The study authors note Australia's younger voter pool is growing and embracing moral political issues over economic management.
"What our surveys have been showing over long periods of time is that the electorate is moving away, towards the left and it is moving towards socially progressive issues," Professor McAllister said.
"As the electorate starts moving away towards the centre left, the Liberal Party is moving away towards the centre right. They're actually moving away from where the electorate is moving."
"People who are "baby boomers" and "the silent generation", they're moving out of the system, and they're the core supporters for the Liberals. You've got millennials, generation Z and so on. And then you have got the new generations which in a fairly short space of time will be a majority of the electorate."
The 2022 result was a disaster election loss for the Liberals and the lowest first preference vote for Labor since 1934. Professor McAllister expects the major parties to try to rein in defection by adapting new policies and new issues.
"There's a threat for both major political parties there. But of course, the one that everybody focuses on is the Liberals," he said.
"Where this will go is I think there will be more volatility, there'll be more support from minor parties and independents. More will be elected. What you normally see in these circumstances is that the major political party starts adapting."
The teals offered a viable alternative in Liberal moderate city seats, but they were not standing in every seat.
The report found that four out of five teal voters were not "disaffected Liberals", but tactical Labor and Greens voters. Only one in five voters had previously voted for the Coalition.
"So they've taken the decision about 'how do we get the local incumbent Liberal out of the seat?' Well, the thing is to vote teal, not to vote Labor or Green," he said.

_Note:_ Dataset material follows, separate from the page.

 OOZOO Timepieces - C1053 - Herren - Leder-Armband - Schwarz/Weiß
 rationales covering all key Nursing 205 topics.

It corresponds with polling released during the federal election on the ACT Senate race which showed independent David Pocock was taking more votes from Labor and the Greens, than votes from the then Liberal Senator Zed Seselja.
With Labor now in power federally, that has implications about where the teals can and will go.

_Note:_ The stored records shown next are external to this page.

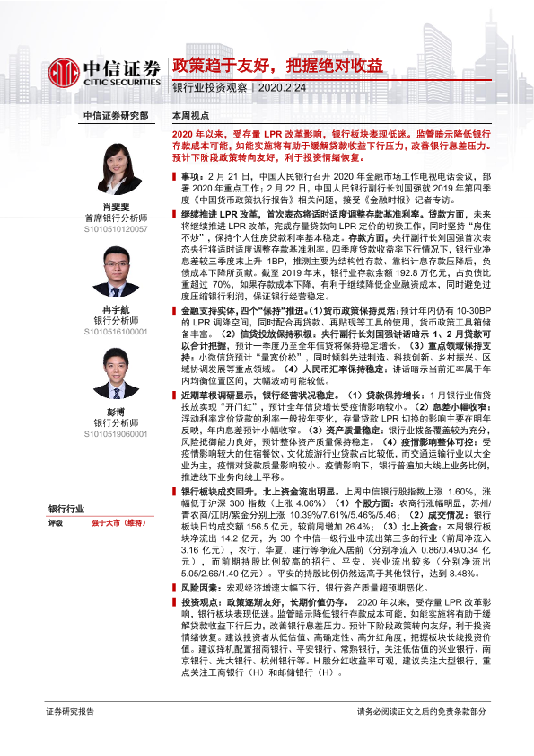 【中信证券】【20200224】银行业投资观察:政策趋于友好,把握绝对收益-10页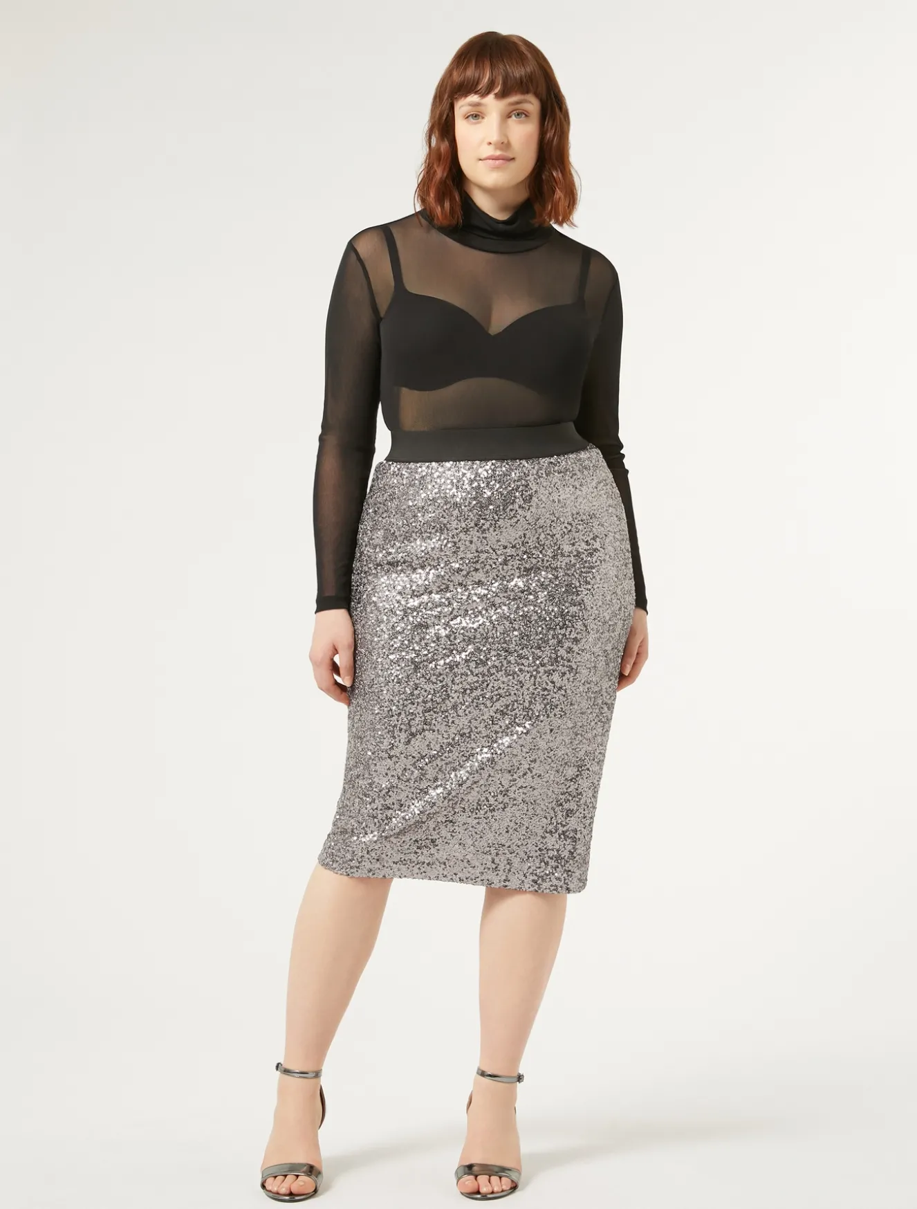 Jerseyrock mit Pailletten, Elastikeinsatz am Bund und bequemem Innenfutter, der sich durch schimmernde Strukturen auszeichnet. Unverzichtbare Etui-Silhouette.Das Kleidungsstück ist Teil der Kollektion Persona by Marina Rinaldi.– Jersey und Pailletten– Etuikleid– Elastikband in der Taille– Innenfutter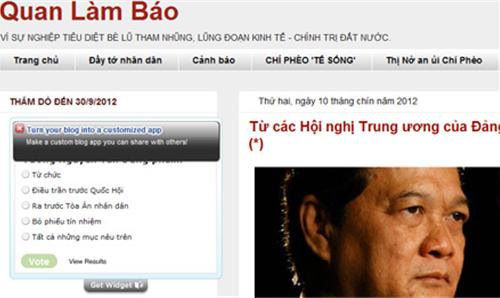 | Quan Làm Báo và phiên bản VLB, một trang mạng công kích dữ dội Thủ tướng, đã được chính Ba Sàm giới thiệu đến độc giả |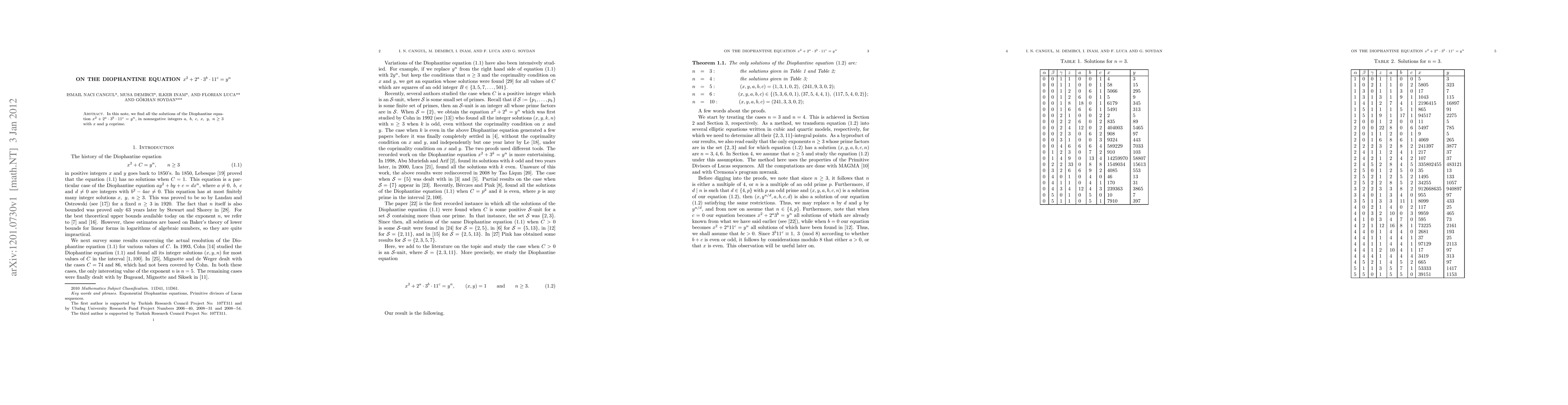 This paper identifies all nonnegative integer solutions to the Diophantine equation \(x^2 + 2^a \cdot 3^b \cdot 11^c = y^n\) where \(x\) and \(y\) are coprime and \(n \geq 3\). The study reveals specific constraints and conditions under which the equation holds true.

"If most of the support is really Labor and Green voters, those voters could go back to voting Greens and Labor, if they felt their candidate was competitive in the electorate," he said.
"They've got to do something. They've got to form themselves into a group that has a particular identity that they can use and so on."

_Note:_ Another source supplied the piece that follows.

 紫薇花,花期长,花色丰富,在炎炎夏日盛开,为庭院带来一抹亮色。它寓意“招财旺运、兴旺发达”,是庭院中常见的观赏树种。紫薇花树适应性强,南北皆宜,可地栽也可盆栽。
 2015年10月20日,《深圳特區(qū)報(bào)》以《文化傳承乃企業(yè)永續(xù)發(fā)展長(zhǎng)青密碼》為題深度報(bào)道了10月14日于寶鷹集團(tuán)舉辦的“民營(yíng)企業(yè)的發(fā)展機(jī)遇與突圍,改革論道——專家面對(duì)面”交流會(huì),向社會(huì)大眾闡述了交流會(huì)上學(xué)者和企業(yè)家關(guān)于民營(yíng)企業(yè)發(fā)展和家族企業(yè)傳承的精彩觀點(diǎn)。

Prime Minister Anthony Albanese scored 5.3 out of 10 when it came to popularity of political leaders, while Scott Morrison bottomed out on 3.8 out of 10. That is down from his score of 5.1 in 2019.
"Well, Scott Morrison was incredibly unpopular. The most unpopular leader we've ever polled," he said. "So Morrison was a serious impediment to the Liberals in '22. Now, having said that, the pandemic was a real problem for the Liberals as well."
Mr Albanese's score makes him the most popular Labor leader since Kevin Rudd in 2007, with Bill Shorten scoring 4.0 out of 10 in 2019.